Kemampuan Mengubah Keyakinan
Di kehidupan dewasa ini, banyak manusia yang menglami pesimis akan
adanya keyainan yang tidak dapat dikembangkan secara otodidak, para pakar
psikologis memberikan gagasan tentang timbulnya suatu keyakinan pada diri
masing-masing, yaitu tepatnya ketika mereka merasa pesimis tersebut kemudian
datang kepadanya sesorang yang membawanya dari ruang kepasrahan. Tidak banyak
orang yang menerima dorongan dari orang terdekatnya atau orang yang
dicintainya, atau lebih dikenal dengan sebaya, tidak mengalami perubahan
keinginan untuk bangkit pada diri mereka masing-masing. Sejatinya setiap orang
pasti memiliki suara hati yang membisikkannya pada hal-hal yang bersifat
positif, namun orang yang tdak biasa merespon apa yang telah dikatakan oleh
hati nuraninya, maka ia pun enggan untuk melakukan apa yang telah di bisikkan
kepadanya, meski hal positif sekalipun.
Penyelewengan akan
keyakinan akan menjerumuskan pada hal yang tidak di kehendaki, dan akan kembali
pada diri kita sendiri. Sayangnya, masalah yang menjadi tren yang seharusnya
tidak ada di bumi ini adalah hilanngnya kebenaran akan keyakinan, dampak
tersebut berujung pada kematian, hanya dikarenakan keyakinannya yang tidak
sejalan dengan keinginannya. Hal terbodoh yang dilakukan oleh orang yang
merasakan pesimis yaitu bunuh diri. Dalam hukum agama tidak dibenarkan akan
bolehnya kita melakukan hal tersebut meski untuk menghilangkan masalah pada
orang lain. Namun tidak bila kita melihat pada hukum konsekuensi agama, malah
keputusan tersebut akan menambah kesulitan yang amat sulit di kemudian hari.
Dengan bersikap
konsisten seseorang akan bekerja berdasarkan kekuatan sendiri. Dan kekuatan itu
bersumber dari keyakinan dan rasa percaya diri. Apa yang harus dikerjakan
merupakan pilihan hidup. Bukan suatu beban yang memberatkan bagi tubuh maupun
pikirannya. Demikianlah sikap hidup yang benar. Padahal di sekitar kita tidak
sedikit orang bekerja karena takut kehilangan pekerjaan, yang berarti
kehilangan upah. Akibatnya, mereka bekerja tidak dilandasi rasa kesukaan atas
pekerjaan itu. Mereka bekerja semata-mata atas dasar upah. Titik. Tidak ada
orientasi apa pun terhadap pekerjaannya itu, hingga mereka tidak memiliki
rekomendasi apa pun bagi kemajuan dirinya maupun institusi di mana ia bekerja.
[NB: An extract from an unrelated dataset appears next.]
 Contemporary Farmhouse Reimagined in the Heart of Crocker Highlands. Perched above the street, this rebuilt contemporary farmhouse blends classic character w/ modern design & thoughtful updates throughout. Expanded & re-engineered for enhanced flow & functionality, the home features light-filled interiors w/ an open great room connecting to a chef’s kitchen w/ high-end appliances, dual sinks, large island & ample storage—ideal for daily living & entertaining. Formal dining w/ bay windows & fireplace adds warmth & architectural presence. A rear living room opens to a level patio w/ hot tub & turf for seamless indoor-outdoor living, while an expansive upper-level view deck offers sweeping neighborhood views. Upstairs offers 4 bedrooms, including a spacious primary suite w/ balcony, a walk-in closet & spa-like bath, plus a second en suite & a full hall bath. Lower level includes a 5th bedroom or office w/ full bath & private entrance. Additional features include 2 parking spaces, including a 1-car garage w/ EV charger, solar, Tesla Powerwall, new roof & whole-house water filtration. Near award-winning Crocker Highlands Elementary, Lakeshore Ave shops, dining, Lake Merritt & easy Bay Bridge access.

Pekerja yang demikian itu, seperti kemukakan Peter F. Drucker (1997),
sebenarnya dapat disebut sebagai pekerja manual (manual worker).
Pekerja yang
senantiasa bisa dinilai berdasarkan kuantitas serta kualitas dari suatu hasil
yang bisa ditentukan dan telah pasti. Pekerja manual hanya memerlukan
efisiensi. Dengan kata lain kemampuan untuk melakukan segala sesuatunya dengan
tepat, dan bukannya kemampuan untuk membuat hal-hal yang tepat bisa terlaksana.
Ini berbeda dengan pekerja berpengetahuan (knowledge worker), yang menggunakan
efektifitas sebagai teknologi khusus.
Pekerja model
terakhir ini tidak bisa diawasi secara dekat dan terinci. Ia hanya bisa
dibantu. Namun ia harus mengarahkan dirinya sendiri, dan dia harus bisa
memberikan kinerja dan kontribusi untuk bisa mencapai efektifitas. Pekerja
berpengetahuan tidak bisa menghasilkan sesuatu yang efektif dengan sendirinya.
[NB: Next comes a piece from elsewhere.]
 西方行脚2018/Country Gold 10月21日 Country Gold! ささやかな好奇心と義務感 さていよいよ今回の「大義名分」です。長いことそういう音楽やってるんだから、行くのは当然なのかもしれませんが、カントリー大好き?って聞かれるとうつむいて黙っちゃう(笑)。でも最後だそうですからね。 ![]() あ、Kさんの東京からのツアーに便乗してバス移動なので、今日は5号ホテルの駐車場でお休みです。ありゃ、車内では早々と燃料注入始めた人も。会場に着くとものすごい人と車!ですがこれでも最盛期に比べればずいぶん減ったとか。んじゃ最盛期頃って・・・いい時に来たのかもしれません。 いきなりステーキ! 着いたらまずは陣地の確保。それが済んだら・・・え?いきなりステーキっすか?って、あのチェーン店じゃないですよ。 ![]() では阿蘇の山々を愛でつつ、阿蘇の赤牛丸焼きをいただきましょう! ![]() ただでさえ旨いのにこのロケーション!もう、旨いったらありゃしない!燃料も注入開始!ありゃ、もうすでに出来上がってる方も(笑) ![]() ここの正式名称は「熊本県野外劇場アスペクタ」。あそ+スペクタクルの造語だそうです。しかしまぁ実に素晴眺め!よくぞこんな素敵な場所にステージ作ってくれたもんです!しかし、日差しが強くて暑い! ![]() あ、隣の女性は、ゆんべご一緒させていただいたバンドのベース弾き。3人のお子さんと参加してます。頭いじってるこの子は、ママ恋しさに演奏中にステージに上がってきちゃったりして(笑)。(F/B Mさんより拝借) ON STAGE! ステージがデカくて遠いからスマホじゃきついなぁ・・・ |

Ia tidak menghasilkan sebuah produk fisik, seperti sekop, sepasang sepatu, atau
sebuah komponen mesin. Tetapi, ia menghasilkan pengetahuan, ide-ide, dan
informasi. "Produk-produk" semacam itu seolah tidak ada gunanya.
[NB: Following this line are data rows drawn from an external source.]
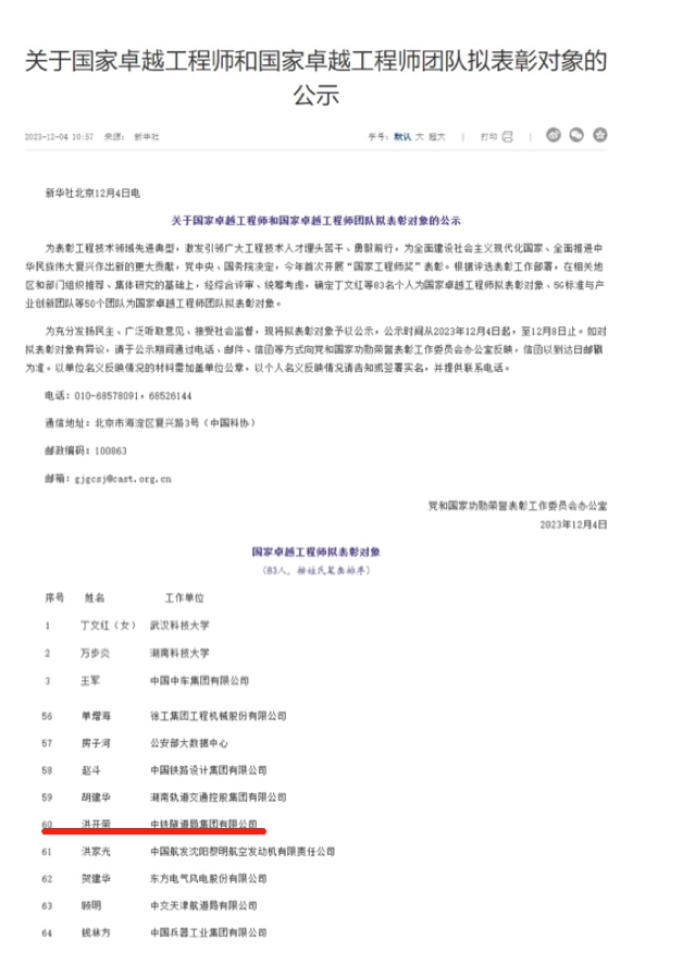 近日,党中央、国务院为表彰工程技术领域先进典型,激发引领广大工程技术人才埋头苦干、勇毅前行,为全面建设社会主义现代化国家、全面推进中华民族伟大复兴作出新的更大贡献,今年首次开展“国家工程师奖”表彰。经综合评审,确定丁文红等83名个人为国家卓越工程师拟表彰对象、5G标准与产业创新团队等50个团队为国家卓越工程师团队拟表彰对象。其中,公司城轨“双高”专业群带头人,中国中铁隧道局集团有限公司总工程师洪开荣位列其中。
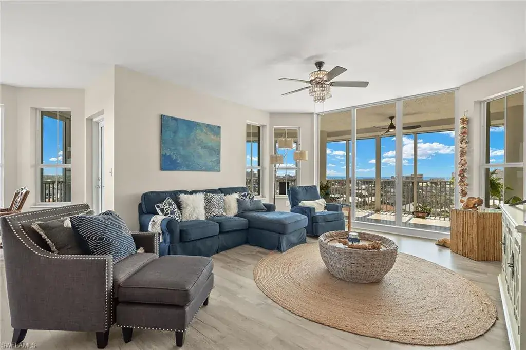 Location, location, location! Introducing luxury coastal living in the highly sought-after resort-style Dunes community in sunny Naples. This condominium is along the beautiful waters of Turkey Bay and the Gulf of Mexico where the design is complemented by breathtaking scenery and gorgeous tropical views. This ninth-floor end unit is just a short distance to Vanderbilt Beach and Delnor-Wiggins State Park. The resort’s luxury amenities are just steps from the front door. Featuring a spacious floor plan with three bedrooms, three baths, over 2,700 square feet of total area, huge wraparound balcony ideal for entertaining and enjoying panoramic views of blue waters and lush landscaping. The interior offers a flowing floor design, white kitchen cabinets, solid surface counters, stainless steel appliances, COREtec floors, southwestern exposure with all-natural light, a wall of large windows, two balconies, a spacious primary bedroom with two walk-in closets and generous in-size primary bath. The 12-story luxury tower is in the Island Cove neighborhood of The Dunes of Naples. Antigua was constructed in 2001 and is the closest residence to the beach and is close to all The Club’s amenities of the Dunes. Antigua residences offer a unique and pleasurable living experience with a newly renovated lobby, clean and bright under-building parking, climate-controlled storage units, heated pool, spa, outdoor grills and wide views of the surrounding nature preserve. The club was awarded the prestigious Sand Dollar trophy for its recent multimillion-dollar renovation and residents enjoy its fine-dining restaurant, tiki bar, resort pool, huge fitness center, tennis courts, guest suites and more. This subdivision is pet friendly and investor’s delight with seasonal rentals reaching $15,000 per month. The Dunes is conveniently located near Naples’ hotspots such as Mercato, Waterside, 5th Avenue and world-class beautiful white sandy beaches.
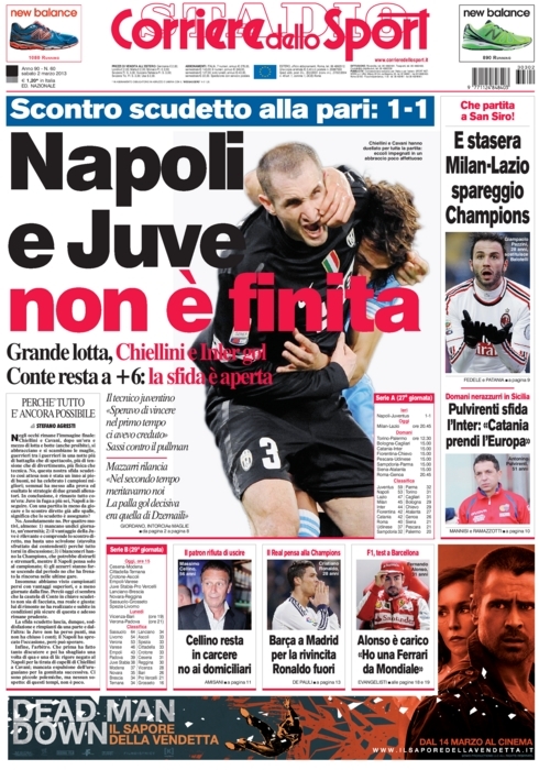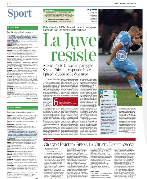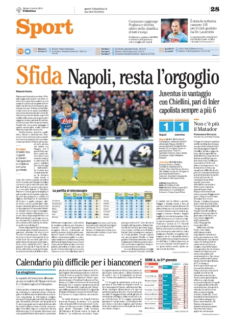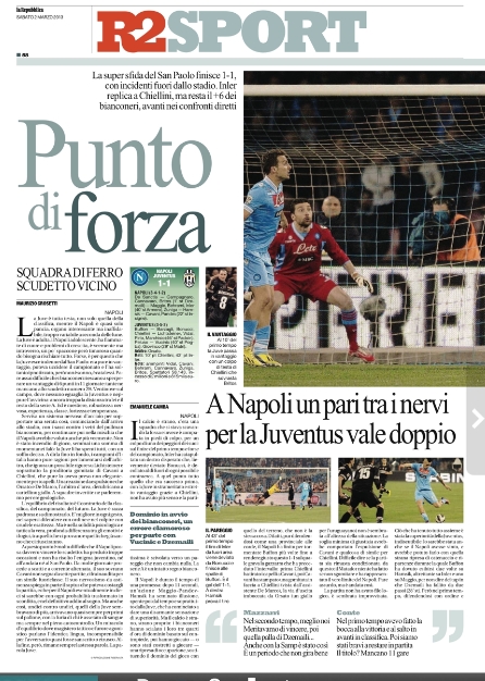 Ci aspettavamo più polemiche in questa day after di Napoli-Juventus, ma evidentemente in campo ne sono successe talmente tante, ma sempre in ambito sportivo, da non far ritenere ai giornali italiani di continuare con i dibattiti. Botte, tirate di capelli, scorrettezze di ogni tipo, ma al fischio finale solo abbracci e strette di mano, è stato certamente un bello spot per il calcio, tant’è che oggi si commenta il risultato e basta.
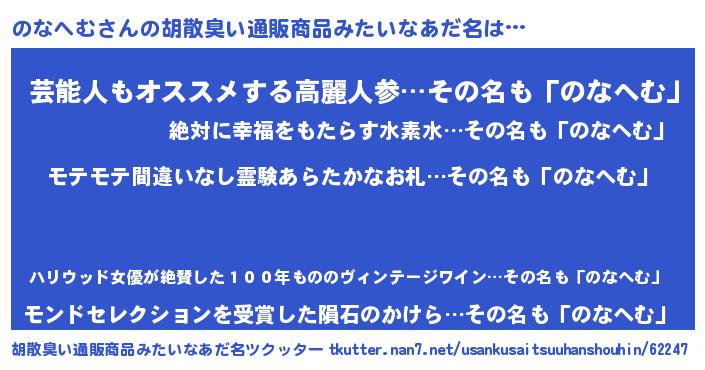 | 男性向けラノベタイトル風あだ名 | 『転生したらのなへむだった件』 |
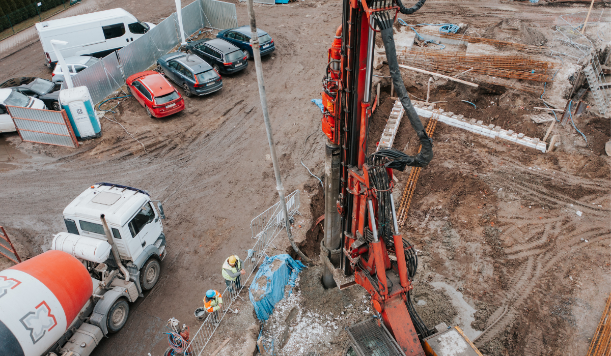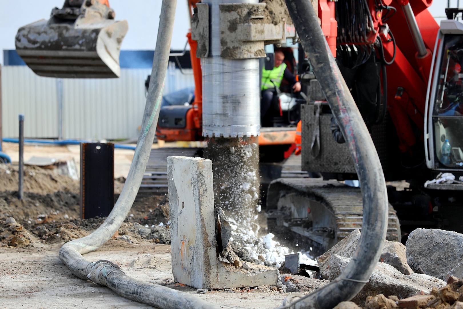• Formowanie pali wierconych w rurze osłonowej odbywa się za pomocą maszyny z podwójną głowicą obrotową. Podczas wiercenia świdrem, urobek wynoszony jest na powierzchnię.

Seorang berpengetahuan yang lain, harus menerimanya sebagai input dan
mengubahnya menjadi output sebelum mereka menemukan wujudnya yang nyata. Dengan
demikian, pekerja berpengetahuan harus mengerjakan sesuatu yang tidak perlu
dikerjakan oleh pekerja manual. Ia harus menyediakan efektifitas. Ia tidak bisa
menggantungkan diri pada perlengkapan yang menyertai output-nya, sebagaimana
halnya dengan sepasang sepatu yang dibuat dengan baik. Kebutuhan akan hadirnya
orang-orang yang memiliki prinsip dan orientasi ke masa depan adalah
keniscayaan. Peluang yang tidak begitu banyak diminati orang. Hanya orang yang
memiliki modal tekat yang kuat, keberanian mengambil risiko, di samping
keyakinan serta rasa percaya diri. Orang seperti ini tidak sedang melakukan
percobaan-percobaan dalam mempertaruhkan nasib, sebaliknya justru memiliki
keyakinan penuh bahwa dirinya adalah orang yang tepat untuk pekerjaan itu.
Itulah sebabnya ia memiliki rasa tanggung jawab sepenuhnya atas
keputusan-keputusannya. Dirinya siap mengambil risiko apa pun, termasuk
kehilangan pekerjaan itu sendiri bila tanggung jawabnya menuntut hal yang
demikian. Memiliki nilai-nilai panutan Kaidah keempat, yang tidak kalah
pentingnya dari kaidah-kaidah sebelumnya, bahwa seseorang harus memiliki nilai
panutan. Nilai-nilai yang diyakini kebenarannya. Dalam hal ini biasanya adalah
nilai-nilai yang bersumber dari kebenaran ajaran agama, menyusul pendapat
kalangan pemikir maupun orang-orang sukses.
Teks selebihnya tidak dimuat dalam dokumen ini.